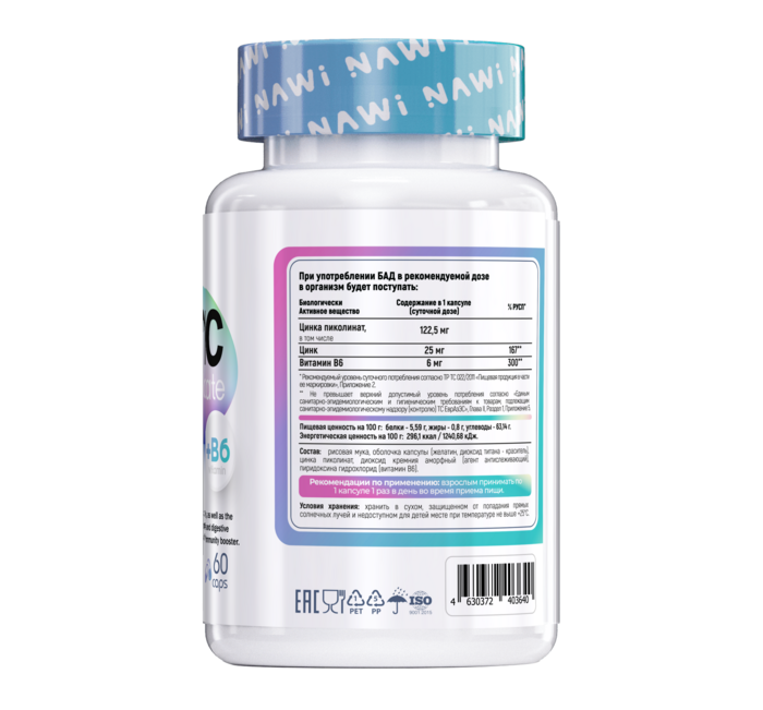NAWI Цинк пиколинат с Витамином B6, 60 капсул
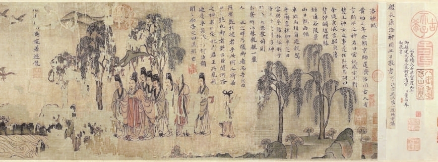 需要注意的是,《洛神賦圖》為文學(xué)作品基礎(chǔ)上的“再創(chuàng)作”,在立意、構(gòu)思、構(gòu)圖、塑造人物等方面,要達(dá)到與文學(xué)作品異曲同工之效。立足現(xiàn)實(shí),又不拘泥于現(xiàn)實(shí);超脫現(xiàn)實(shí),又不與現(xiàn)實(shí)相脫離,顧愷之在若即若離、似與不似之間,完成了從文學(xué)語言到繪畫語言的轉(zhuǎn)換。所畫故事情節(jié)與人物神態(tài)關(guān)聯(lián)緊密,人物表情生動(dòng),眼眸沒有多余的勾染,落筆精準(zhǔn),有“傳神動(dòng)人”之效——不妨仔細(xì)觀察一下曹植與洛神的目光,始終沒離開過對方;如果人物的動(dòng)態(tài)所向不能與目光對應(yīng)起來,顧愷之認(rèn)為是“大失”,他圍繞這一觀點(diǎn)提出了“以形寫神”論。以工筆重彩技法繪于絹本之上,高古游絲描灑脫流暢,景物畫法稚拙古樸,設(shè)色艷麗而不媚俗,與《洛神賦》絢麗的文采和宏偉的構(gòu)架和諧統(tǒng)一?;陂L卷構(gòu)圖,《洛神賦圖》以情節(jié)布局,分合相宜,取舍得當(dāng),采用散點(diǎn)透視,疏密關(guān)系、虛實(shí)關(guān)系均穩(wěn)妥處理。
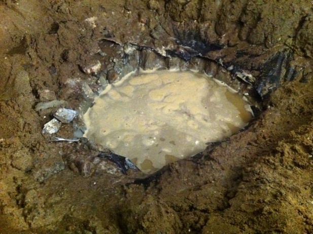 När jag grävde gropen gick jag först igenom ca 40cm sand. Därunder låg en plastfolie (kan ses på fotot) innan jag kom ner till lerjord. Denna plastfolie förvånade mig och jag undrar vad tanken med den var? Troligen att hindra att vatten tränger upp, men då grundvattennivån nu står över filmen verkar det väl optimistiskt. Tror snarare att filmen idag hindrar vatten att rinna undan.
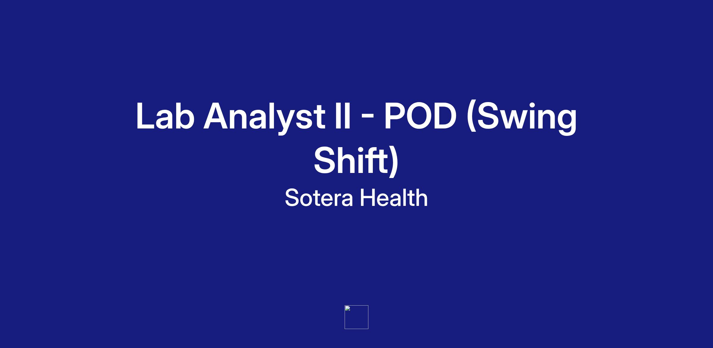 - Must have current a role equivalent to a Lab Analyst II; aligned with key duties listed below
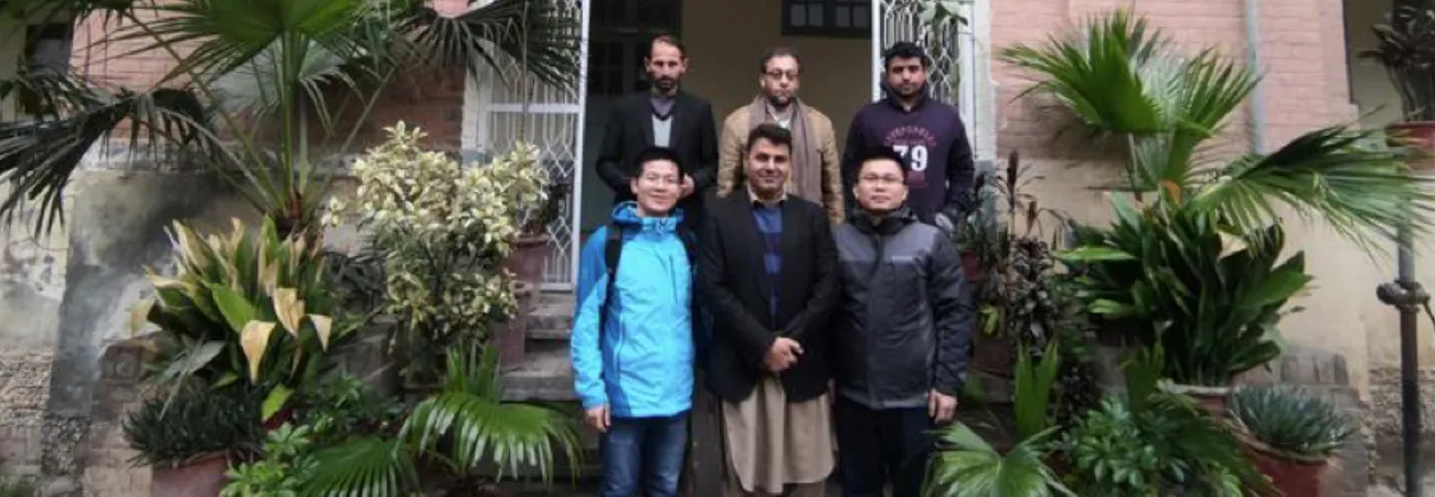 ہوآنگ ژونگ ویی (سامنے والی قطار میں دائیں سےپہلے) اور ان کی ٹیم کے رکن کا پشاور یونیورسٹی کے شعبہ فزکس کے اساتذہ اور طلباء کے ساتھ گروپ فوٹو۔(شِنہوا)
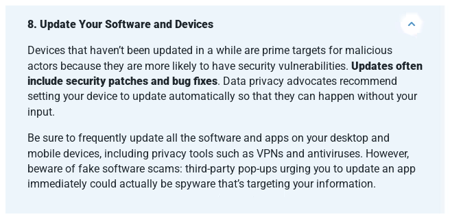 I decided to take a closer look at two sections, as they are often the most lax when it comes to privacy advice: the OS and the VPN. Since they don't even mention the OS, which should be a basic part of these kinds of lists, let's focus on the "Update your software and devices regularly to fix any security weaknesses" section, which should at least cover it.
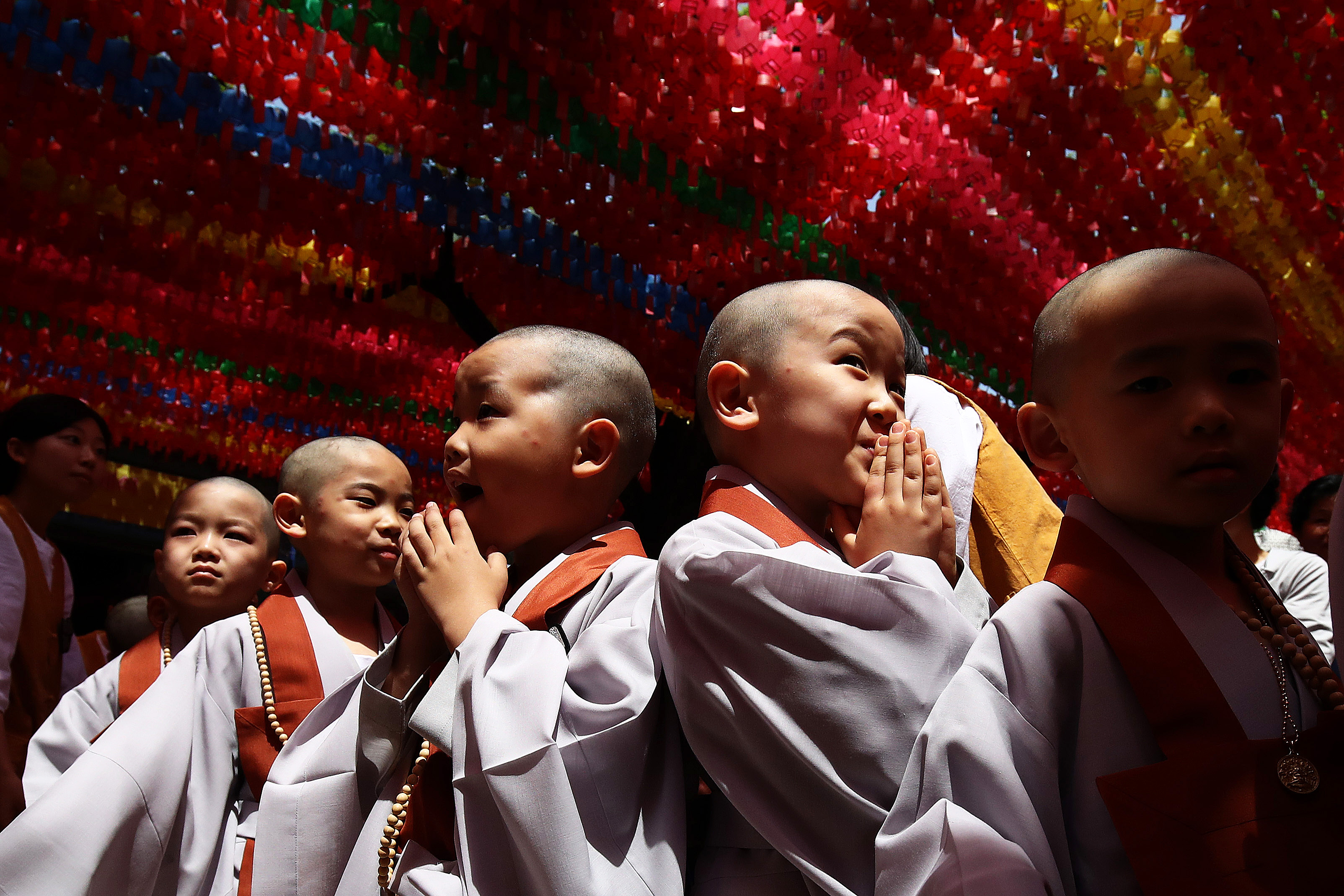 South Korean child monks attend during a ceremony to prepare children to live as Buddhist monks for three weeks at Jogyesa Temple on May 09, 2023 in Seoul, South Korea. As part of the celebration of Buddha's birthday, young children are annually invited to become Buddhist monks for a three-week period. (Photo by Chung Sung-Jun/Getty Images)

- - -

Exercise directions →
Pictures do not go in the copy; print every entry exactly as it stands.

Final answer →
NAWI Цинк пиколинат с Витамином B6, 60 капсул
 需要注意的是,《洛神賦圖》為文學(xué)作品基礎(chǔ)上的“再創(chuàng)作”,在立意、構(gòu)思、構(gòu)圖、塑造人物等方面,要達(dá)到與文學(xué)作品異曲同工之效。立足現(xiàn)實(shí),又不拘泥于現(xiàn)實(shí);超脫現(xiàn)實(shí),又不與現(xiàn)實(shí)相脫離,顧愷之在若即若離、似與不似之間,完成了從文學(xué)語言到繪畫語言的轉(zhuǎn)換。所畫故事情節(jié)與人物神態(tài)關(guān)聯(lián)緊密,人物表情生動(dòng),眼眸沒有多余的勾染,落筆精準(zhǔn),有“傳神動(dòng)人”之效——不妨仔細(xì)觀察一下曹植與洛神的目光,始終沒離開過對方;如果人物的動(dòng)態(tài)所向不能與目光對應(yīng)起來,顧愷之認(rèn)為是“大失”,他圍繞這一觀點(diǎn)提出了“以形寫神”論。以工筆重彩技法繪于絹本之上,高古游絲描灑脫流暢,景物畫法稚拙古樸,設(shè)色艷麗而不媚俗,與《洛神賦》絢麗的文采和宏偉的構(gòu)架和諧統(tǒng)一?;陂L卷構(gòu)圖,《洛神賦圖》以情節(jié)布局,分合相宜,取舍得當(dāng),采用散點(diǎn)透視,疏密關(guān)系、虛實(shí)關(guān)系均穩(wěn)妥處理。
 När jag grävde gropen gick jag först igenom ca 40cm sand. Därunder låg en plastfolie (kan ses på fotot) innan jag kom ner till lerjord. Denna plastfolie förvånade mig och jag undrar vad tanken med den var? Troligen att hindra att vatten tränger upp, men då grundvattennivån nu står över filmen verkar det väl optimistiskt. Tror snarare att filmen idag hindrar vatten att rinna undan.
 - Must have current a role equivalent to a Lab Analyst II; aligned with key duties listed below
 ہوآنگ ژونگ ویی (سامنے والی قطار میں دائیں سےپہلے) اور ان کی ٹیم کے رکن کا پشاور یونیورسٹی کے شعبہ فزکس کے اساتذہ اور طلباء کے ساتھ گروپ فوٹو۔(شِنہوا)
 I decided to take a closer look at two sections, as they are often the most lax when it comes to privacy advice: the OS and the VPN. Since they don't even mention the OS, which should be a basic part of these kinds of lists, let's focus on the "Update your software and devices regularly to fix any security weaknesses" section, which should at least cover it.
 South Korean child monks attend during a ceremony to prepare children to live as Buddhist monks for three weeks at Jogyesa Temple on May 09, 2023 in Seoul, South Korea. As part of the celebration of Buddha's birthday, young children are annually invited to become Buddhist monks for a three-week period. (Photo by Chung Sung-Jun/Getty Images)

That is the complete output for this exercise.